Where some appreciate the paradox and the humor, others see a reality that is taboo to mention: when asked, the artist politely declined to explain. His art evolved with and often anticipated, technologies and so his hi-tech robots in a half a century time-lapse, his intelligent machines evolved into cyborgs, human-like sentient beings totally merged with technology. They instantly communicate telepathically and at the speed of thought, as if the painter imagined a new intergalactic programmed frequency – an advanced civilization as the future of humanity.
To many, this artwork seems to describe how humans are evolving and preparing to enter an alien society. Also, vice versa, aliens, hybrids, or clones are being instructed to enter human society, learn human interactions, and become human-like.
With stunning accuracy, this art collection predicted the future, as reported by Italian journalists. A well-known journal of Cybernetics put one of his paintings of the early eighties titled “Cloning” on the cover, showing a series of containers with beings in the making.

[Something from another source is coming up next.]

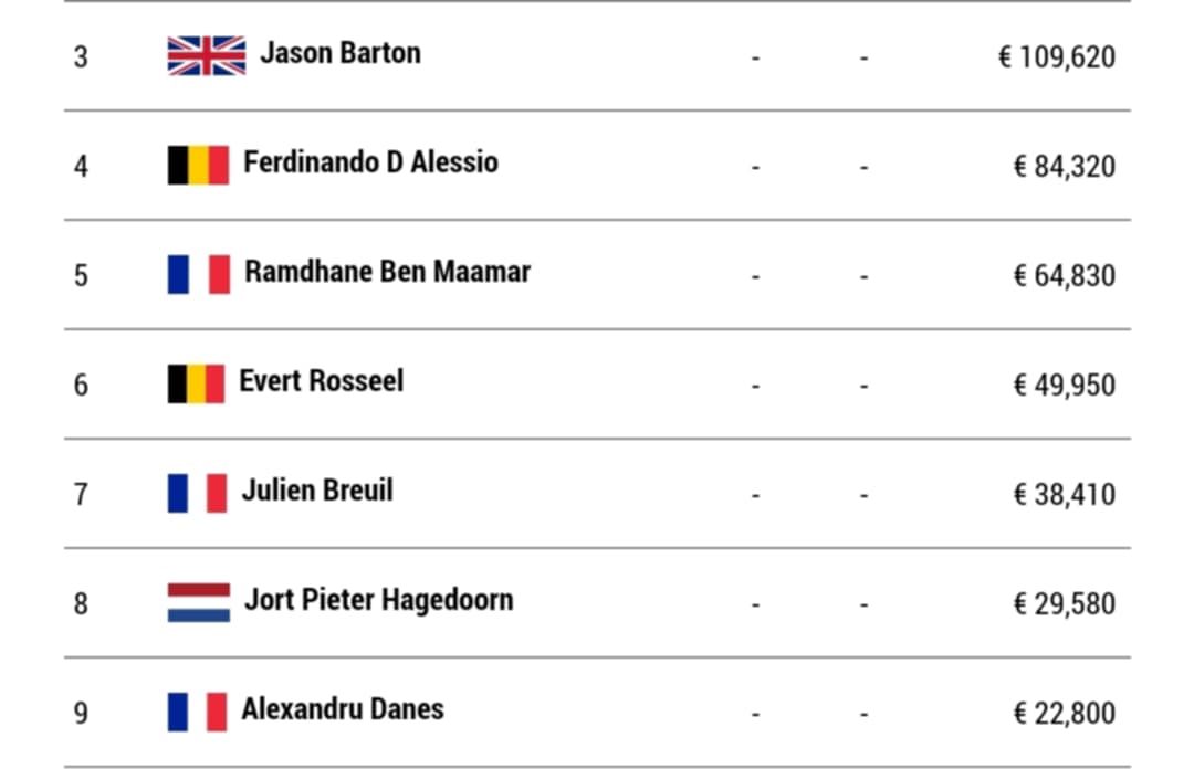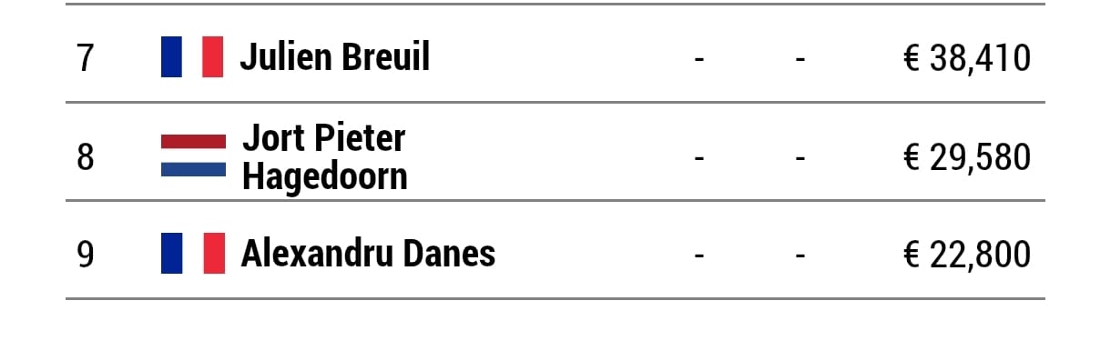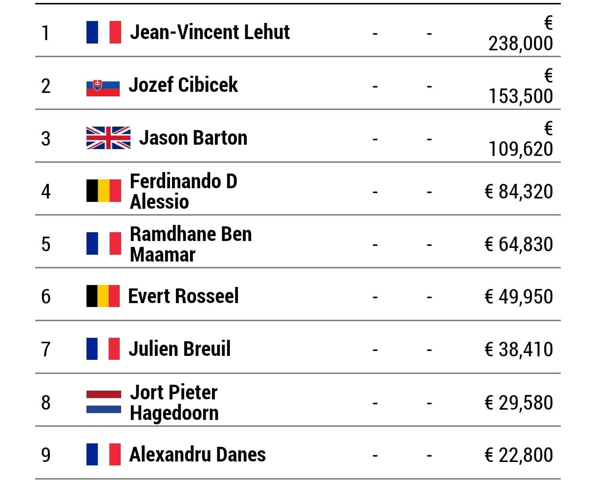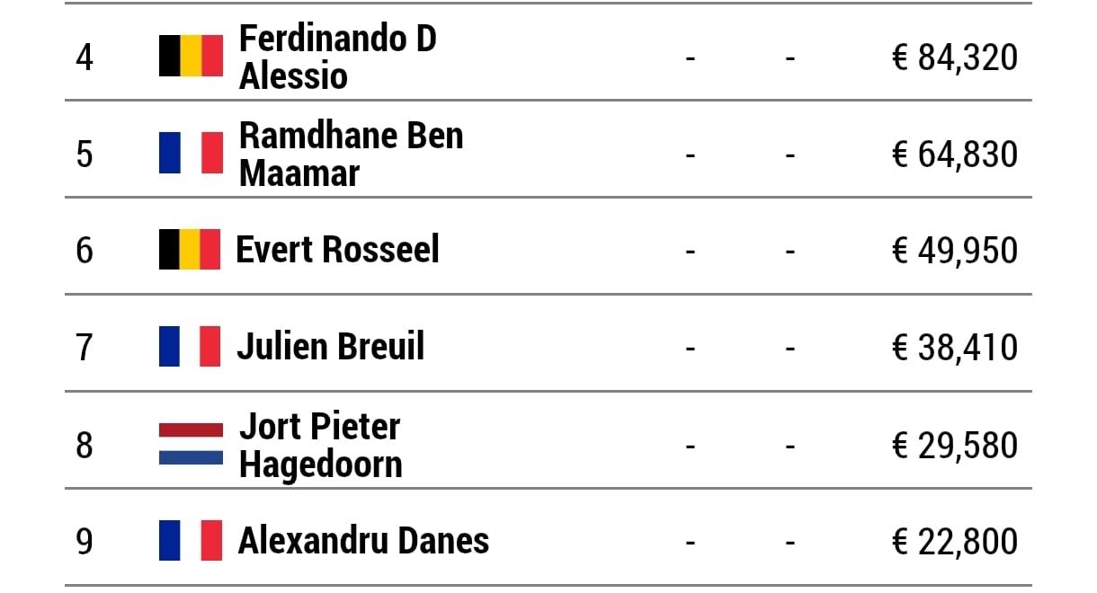 10e - Pascal Vos 8 240€ 11e - Jan Bobbaers 3 240€ 12e - Thomas Clack 4 220€ 13e - Riccardo Bonelli 4 220€ 14e - Gerard Carbo 7 370€ 15e - Fried Raez 6 370€ 16e - Artus Leyva 3 070€ 17e - Royshi Katsumata 2 070€ 18e - Andy Keuninckx 1 810€ 19e - Wim Verhaegen 1 810€ 20e - Julien Ghezala 2 310€ 21e - Greg Feyants 2 070€ 22e - Kevin Fluegel 22 570€ 23e - Gerald van Tright 4 570€ 24e - Ken Claessens 1 360€

In the early eighties in SoHo, New York, Carmen Gallo of the Center for the Multidisciplinary Study of Cybernetic Existentialism inaugurated a monumental art exhibit titled “Chips are us” introducing to the audience canvasses of the Artist who is considered ever since the quintessential cybernetic existentialist. His paintings of the eighties introduced beings that responded to programs, with semiconductors embedded in the canvas, beings with no feelings of affection nor sweetness, robots incapable of empathy: all showing a physical embodiment of a process of computation.
Those who claim to have experienced an abduction phenomenon see a familiar situation in this artwork and suggest that, maybe, the painter, describes what he saw as his art reawakens dormant memories.
Aliens. Real or imagined: they are here and well documented on canvas by the legendary Ruffo Caselli.